Seeking Equitable Solutions in the Bay-Delta

 

The San Diego County Water Authority’s Board of Directors in August 2018 gave conditional support to current plans for California WaterFix, the state’s $17 billion proposal to address water supply constraints in the Sacramento-San Joaquin Bay-Delta. The Board made its backing contingent on a project financing plan that treats San Diego County ratepayers fairly through the proper allocation of project costs by the Metropolitan Water District of Southern California, the sole source of Bay-Delta water for the San Diego region.

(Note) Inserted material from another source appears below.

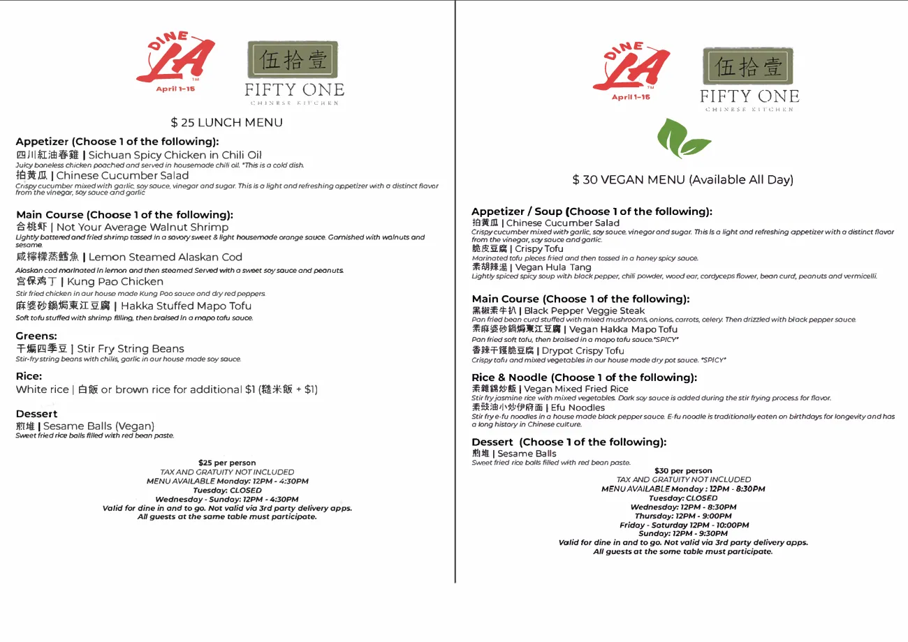 Fifty One Chinese Kitchen Dine LA menu Discover Los Angeles

Updated Policy Principles Guide Water Authority

On Aug. 9, 2018, the Water Authority’s Board of Directors adopted Bay-Delta and WaterFix updated policy principles. They are:

  1. The Water Authority Board of Directors supports the WaterFix project, as currently proposed, conditioned upon the Metropolitan Water District (MWD) properly allocating the costs of the project as conservation, or supply charges, as similar facilities historically have been defined in MWD’s SWP contract with DWR.
    1. As reflected in Table 2 of DWR's Appendix B to Bulletin 132-17, Data and Computation Used to Determine Water Charges, and for which costs are recovered in Article 22 (a) of Delta Water Charge of the current MWD SWP Contract, allow for the exemption of north-of-Delta SWP contractors. 
  2. Support establishment of an independent oversight function to monitor and provide regular updates on WaterFix project implementation progress, including expenditure tracking, construction progress, project participants’ contributions, and all other relevant activities and developments.
  3. Continue to support the co-equal goals of water supply reliability and environmental restoration embodied in the 2009 Delta bill package.
  4. Improve the ability of water-users to divert water from the Delta during wet periods, when impacts on fish and ecosystem are lower and water quality is higher.
  5. Encourage the development of a statewide water transfer market that will improve water management.
  6. Allow access to all SWP facilities, including WaterFix facilities, to facilitate water transfers.
  7. Support improved coordination of Central Valley Project and State Water Project (SWP) operations.
  8. Support continued state ownership and operation of the SWP, including WaterFix facilities, as a public resource.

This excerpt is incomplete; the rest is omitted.